To help obfuscate the incidence and consequences of illegal abortion, Koch et al. present as their main conclusion (in the PLoS ONE study) that women’s educational level is the primary factor leading to the decline in maternal deaths in Chile. This is hardly groundbreaking, since higher education has long been correlated with better health outcomes the world over. Other key factors cited by the authors, such as the availability of clean water and skilled birth attendants, are also blatantly obvious predictors of improved maternal health outcomes, but help dress up the study as scientific and untainted by anti-choice ideology. Of course, the factors influencing maternal health and mortality in Chile and elsewhere are complex and varied. The legal status of abortion is only one aspect that can easily get obscured by other competing factors, and this is exactly what the study authors have attempted to do. But the bottom line is that if abortion was safe and legal in Chile, the country’s maternal morbidity and mortality rates would be even lower than they are.

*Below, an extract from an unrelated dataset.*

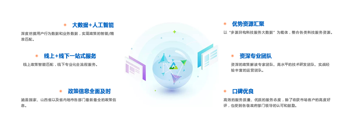 我公司自主研发出“企策通-综合服务平台”是一款链接政府、企业、服务机构的科技创新综合服务平台。以集合国家、山西省及各地市的政策信息为出口,为省内企业,提供多领域的服务。赋能政策落地、企业成长、第三方机构资源匹配。

Another well-established global fact is that good availability of contraception significantly reduces unintended pregnancies and thus abortions. Therefore, the key factor in Chile’s declining maternal mortality rates since the 1960s is far more likely to be the country’s family planning program introduced at that time — but this rates only a passing mention by the study authors.
To counter the large body of evidence that legalizing abortion decreases maternal mortality, the authors cite Ireland, Malta and Poland as other countries with illegal abortion and low maternal mortality, ignoring the fact that women in all three countries routinely travel to nearby countries to obtain safe, legal abortions — a near-impossible alternative for Chilean women, since abortion is criminalized in neighbouring Latin American countries. (To be fair, Dr. Koch concedes this point in his response to Guttmacher).
Further, many studies have demonstrated that abortion is frequently underreported or misreported by women and health-care workers, especially in regions where it’s criminalized. Even without that direct evidence, the stigma and illegality of abortion, and the fear of shaming or prosecution, make this an obvious commonsense conclusion that cannot be denied.
The Koch et al. article has been distributed widely through anti-choice circles since its publication, which helps explain why it’s the second most viewed study on women’s health on the PLoS ONE website (as of this writing). The study will undoubtedly serve as a key source for anti-choice lobbyists trying to influence the policy decisions of governments. For example, it could lead to decreased funding for reproductive health programs in developing countries — such as what happened in Canada in 2010, or further restrictions on abortion despite current laws that still kill 47,000 women a year and injure over 8 million. By rendering those women invisible, the study becomes a dangerous weapon that threatens to slow down the global decrease in maternal mortality and continue allowing women to suffer and die unnecessarily.